Depending on the nature of data the user has, the inbuilt SerDe may not satisfy the format of the data. SO users need to write their own java code to satisfy their data format requirements.

24.What Is the HWI?

The Hive Web Interface is an alternative to the command line interface. HWI is a simple graphical interface, It’s hive web interface. The HWI allows start at database level directly. you can get all SerDe, column names and types and simplifies the hive steps. It’s seccession based interface, so you can run multiple hive queries simultaneously. There is no local metastore mode in HWI.

25. Which classes are used by the Hive to Read and Write HDFS Files?

Following classes are used by Hive to read and write HDFS files

-TextInputFormat/HiveIgnoreKeyTextOutputFormat : These 2 classes read/write data in plain text file format.

-SequenceFileInputFormat/SequenceFileOutputFormat : These 2 classes read/write data in hadoop SequenceFile format

26. What is the functionality of Query Processor in Apached Hive ?

This component implements the processing framework for converting SQL to a graph of map/reduce jobs and the execution time framework to run those jobs in the order of dependencies.

27. How many ways you can run Hive?

1. In CLI mode (By using command line inerface).

2. By using JDBC or ODBC.

3. By Called Hive Thift client. It allows java, PHP, Python, Ruby and C++ to write commands to run in Hive.

28. What is different between database and data-warehouse?

Typically database is designed for OLTP transactional operations. Where as Data-warehouse is implemented for OLAP (analysis) operations. OLTP can constrained to a single application. OLAP resists as a layer on the top of several databases. OLTP process current, streaming and dynamic data where as OLAP process Retired, historic and static data only. Database completely has normalization concept. Data WareHouse is De-normalization concept.

29. What are the different types of tables available in HIve?

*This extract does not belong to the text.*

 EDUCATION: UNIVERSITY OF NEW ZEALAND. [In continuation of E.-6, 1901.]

There are two types. Managed table and external table. In managed table both the data an schema in under control of hive but in external table only the schema is under control of Hive.

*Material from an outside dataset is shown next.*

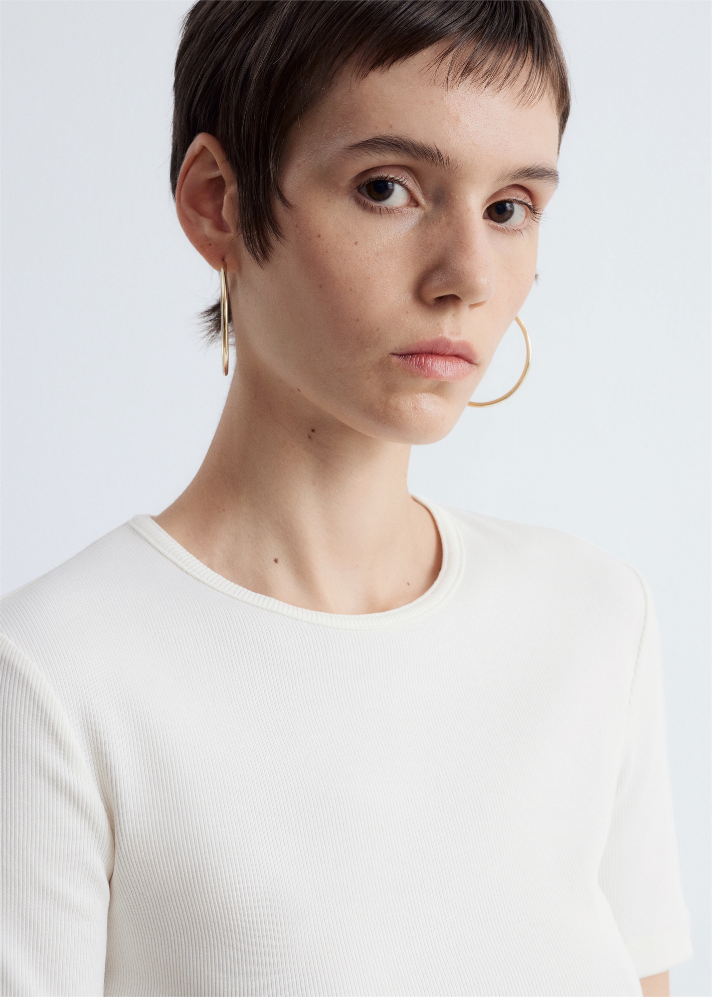 Эта футболка сшита из мягкого, эластичного хлопкового бленда в рубчик. Она имеет круглую горловину и короткие рукава. Носите с джинсами или мини-юбкой. Длина футболки: 55,5 см / 21,8" (размер S)

30. Difference between Internal and External Table?

External table: Schema is stored in Database. Actual data stored in Hive tables. If data lost in External table, it lost only metastore, but not actual data.

Internal table: MetaStore and actual data both stored in local system. If any situation, data lost, both actual data and meta store will be lost.

31. How to load data in hive table?

Generally, after creating a table in SQL, we can insert data using the Insert statement. But in Hive, we can insert data using the LOAD DATA statement. While inserting data into Hive, it is better to use LOAD DATA to store bulk records.

There are two ways to load data: one is from local file system and second is from Hadoop file system.

32. What is the difference between Describe and describe extended?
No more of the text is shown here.